Although the present invention has been described in connection with the presently most practical and preferred embodiment, the present invention is not limited to the embodiment disclosed herein, and is not limited to the appended claims. It is intended to include various modifications and equivalents included in the spirit and scope of the present invention.

Since the tip container filled with the chemical solution can provide a sufficient fluid pressure to supply the tip to the high-pressure transport device, a vertical tip tube is not necessary.

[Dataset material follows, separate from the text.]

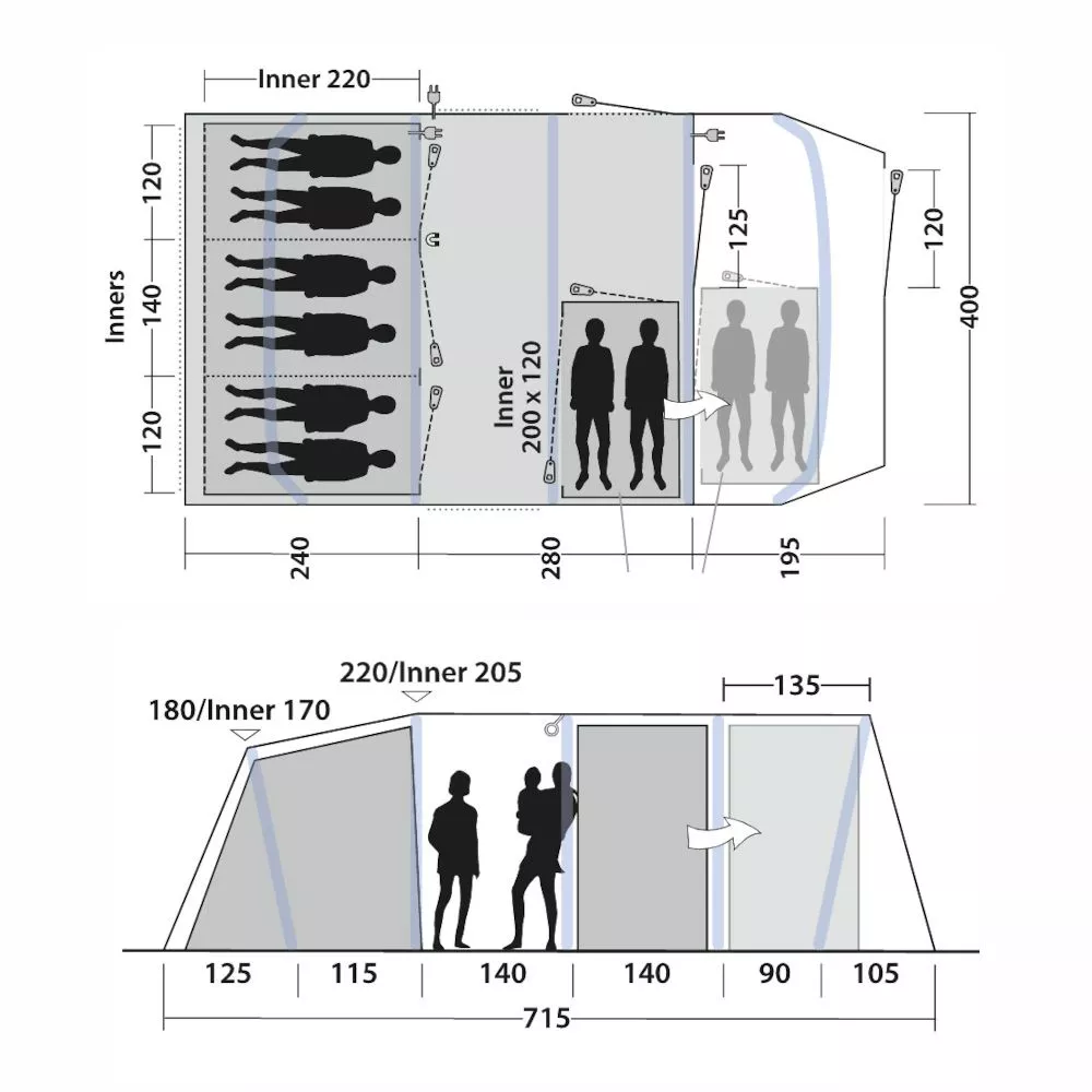 Mit einem optional einsetzbaren Innenzelt für zwei Personen, das je nach Bedarf im Wohnbereich oder in der Nasszone aufgestellt werden kann, bietet das Tunnelzelt insgesamt bis 8 Personen einen gemütlichen Schlafplatz.

By removing the vertical tip tube, the height of the tip supply / transport system can be made lower than that of a conventional tip supply system having a vertical tip tube. A chip supply system with a high height requires a support structure to install the chip container at a high position and support the chip tube, whereas a chip supply system with a low height has few such facilities and is small. Just do it. For example, the chip supply system can in height about 6 0 ft (20 m). On the other hand, the height of a conventional tip supply system for a similarly sized cooking liquor vessel with a vertical tip tube is, for example, 115 feet (35 m).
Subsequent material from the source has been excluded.